By the late 1980s, a major IT project under way at the Society of Worldwide Interbank Financial Telecommunication (SWIFTsc) was beginning to drain significant resources, with the well quickly running dry. The project, according to former SWIFTsc security adviser Erik Guldentops, now a management consultant and executive professor at the Management School of Antwerp University, suffered from "moving goalposts" for requirements, budgets and objectives. Business, IT and audit management began sparring over who should take the blame. Tensions escalated to the point where hostility and friction were close to paralysing the project.
It is a scenario familiar to many organisations attempting to undertake wide-scale IT reform, but for SWIFTsc, which provides secure global communication to more than 7000 financial institutions in more than 190 countries, the consequences could have been catastrophic. Eventually the board was forced to step in, becoming by doing so one of the earliest boards of directors to intervene and implement basic IT governance practices. Belatedly, that is a fashion more companies look set to emulate.

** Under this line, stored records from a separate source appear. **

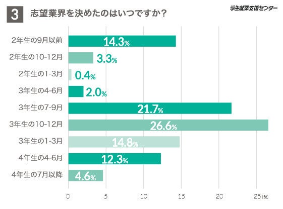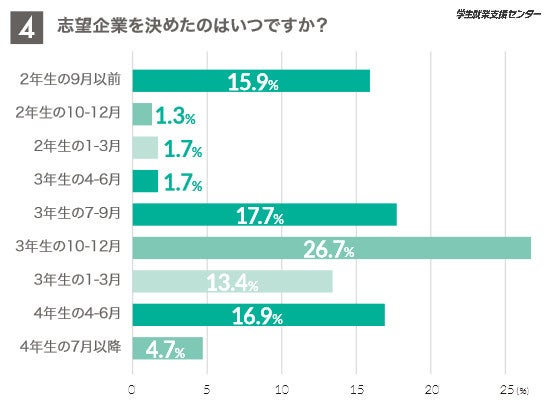 志望企業の決定時期は「3年生の10-12月」(26.7%)と回答した学生が最も多く、「3年生の7-9月」(17.7%)、「4年生の4-6月」(16.9%)がそれに続きました。
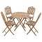 Ensemble à manger d'extérieur pliable 5pcs avec coussins BambouCet ensemble de salle à manger en bambou avec coussins a un design élégant et ajoutera une touche de charme rustique à votre repas en plein air. Fabriqué en bambou massif, l'ensemble de salle à manger de jardin est résistant et durable. Il est également résistant aux intempéries et imperméable, et facile à nettoyer avec un chiffon humide. La table et les chaises sont toutes pliables pour économiser de l'espace de stockage lorsqu'elles ne sont pas utilisées. De plus, les coussins fournis offrent du confort supplémentaire lors de la détente. Il est composé à 100 % de polyester qui a été traité pour le rendre résistant à l'eau. Chaque coussin a deux jeux de cordes pour le fixer fermement sur la chaise de salle à manger.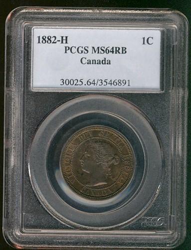 1882H 1¢ PCGS MS64RB.
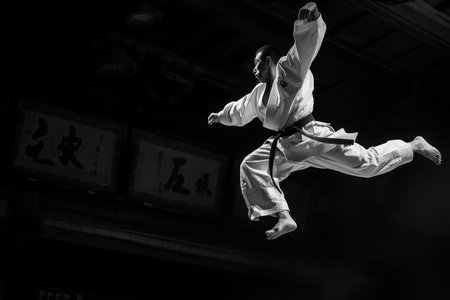 A skilled man jumps high in the air, showcasing his impressive kicking technique, A black and white action shot of a karate executor mid-jump, AI Generated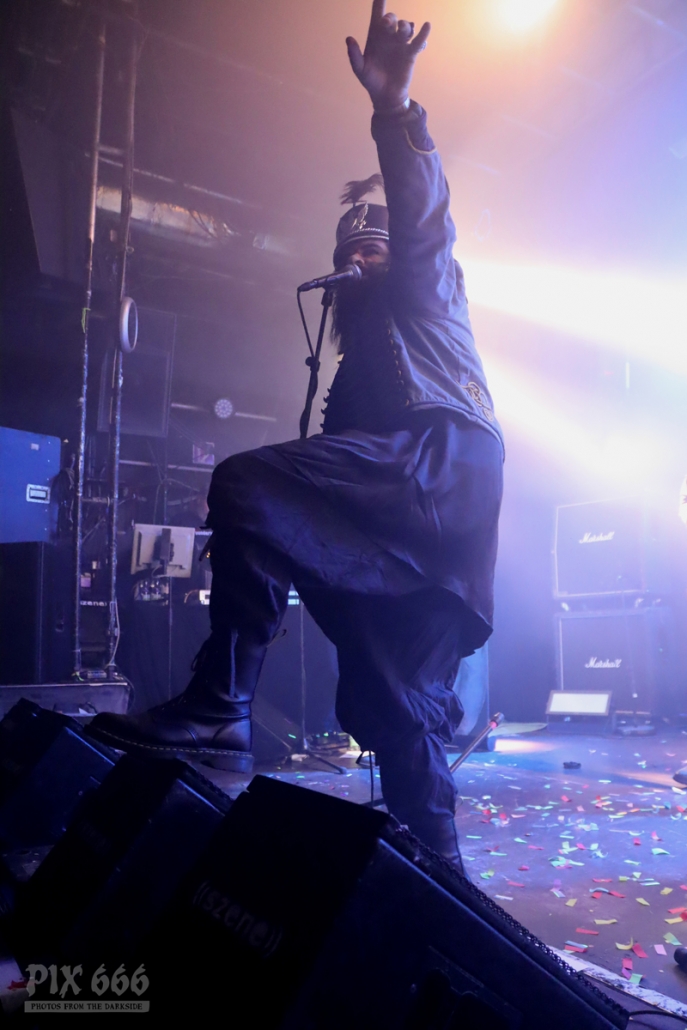 „Wenn ihr heute pogen wollt, dann jetzt“ kam dann als Aufforderung an das Partyvolk. Und ab ging die Post – das war ein cooler Start in den Zombieball. Als letzter Song kam dann schließlich ‚Run Rabbit Run‘ zu dem die Band einen Tag vor Halloween einen Videoclip veröffentlicht hat.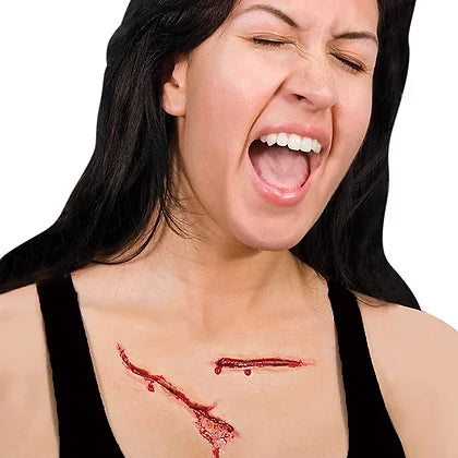 The Woochie Slash Set Wound is a package of 2 latex prosthetic make up pieces, perfect for creating a realistic and gruesome open gashes. Apply with spirit gum or other prosthetic adhesive for a secure fit (adhesive not included). Perfect for Halloween or special effects makeup! The 2 pieces vary in size & shape, but are 3 to 4 inches in size.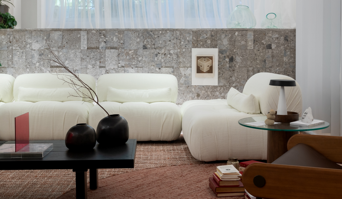 Um mergulho ao essencial no living de 94 m² da arquiteta Bruna Sposito, onde a conexão, presença e acolhimento se entrelaçam.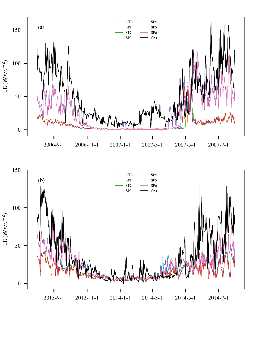 我站马俊杰博士生结合青藏高原多年冻土区4个观测站点数据(图1),评估了CLM5.0模式在青藏高原多年冻土区地表能量收支及土壤水热的模拟性能,并设计了6组试验(表1),综合对比了不同热力学粗糙度参数化方案和土壤阻抗方案的模拟效果。研究结果显示,CLM5.0模型能够较好地模拟土壤温度的季节变化特征,且浅层土壤模拟结果优于深层。模型能够捕获土壤水分的变化,但是模拟效果不如土壤温度,且存在一定程度的高估。相比之下,地表能量收支过程更为复杂。因此,地表能量通量的模拟效果最差,感热通量存在明显的高估,潜热通量则有着明显的低估。组合了土壤属性修改、热力学粗糙度和土壤阻抗参数化方案后,显著提高了CLM5.0模型地表能量通量的模拟结果。改进后的模型有效改善了感热通量的高估(图2)及潜热通量的低估(图3),与实测值更为接近。同时,最优的组合方案也在土壤温度和土壤水分的模拟展现了优势,显著提升了土壤温度的模拟效果,对唐古拉站点四层土壤温度RMSE分别从1.95 °C, 2.07 °C, 2.02 °C, 和 2.95 °C提高到了 1.34 °C, 1.35 °C, 1.35 °C, 和 2.29 °C;也提高了表层土壤水分的模拟性能,西大滩站点表层土壤水分RMSE从0.136 m3 m-3 提高到0.049 m3 m-3。

Intent on protecting the organisation as it navigated technological change, SWIFTsc's board of directors and executive management: set clear IT strategy through a dedicated board committee; relied on measurable and controllable performance indicators initiated by the audit department and further developed with - and agreed to by - IT management; and, monitored progress against the performance indicators, again leveraging the dedicated board committee. It was a highly successful intervention, Guldentops says.
Historically, boards have seldom been involved in IT issues, intervening mainly when IT problems threatened the viability of the business. Boards rushed to intervene in some of the online retail companies, including Amazon, when fulfilment problems threatened the credibility of the company and buyers were still skittish about online buying. Boards have also intervened in some companies in which IT was seen as integral to the business model. Otherwise, it has been rare for an IT issue to attract the attention of a board of directors. As leading global businesses increasingly recognise the imperative for strong IT governance, some boards are stepping up to adopt a much stronger oversight role, and leading institutions are proposing those organisations as role models for the rest of the business world.
"It's crucial that board members provide oversight regarding IT issues," Guldentops says. "IT is key to the continued existence of the world's largest enterprises. Boards and executives must ensure that IT delivers appropriate value to the business, IT risks are mitigated and IT practices are aligned with business objectives." Guldentops was commenting at the launch last year of two new high-level documents from the IT Governance Institute, together designed to help enterprise board members and executive managers focus their attention on vital and complex IT governance and security issues.
The IT Governance Executive Summary and a related publication, IT Strategy Committee, address the roles and responsibilities of boards and management regarding IT. Both publications are available as open standards and complimentary downloads via the IT Governance Institute's Web site at www.ITgovernance.org. Guldentops says the key message of these publications is that board members do not need to be technology experts, but they do need to understand their changing roles regarding oversight.
A not-for-profit organisation dedicated to sharing better practices for IT governance, the institute, founded in 1998 by the Information Systems Audit and Control Association (ISACA - founded in 1969), has also developed a comprehensive framework for IT governance implementation, known as Control Objectives for Information and Related Technology (CobiT).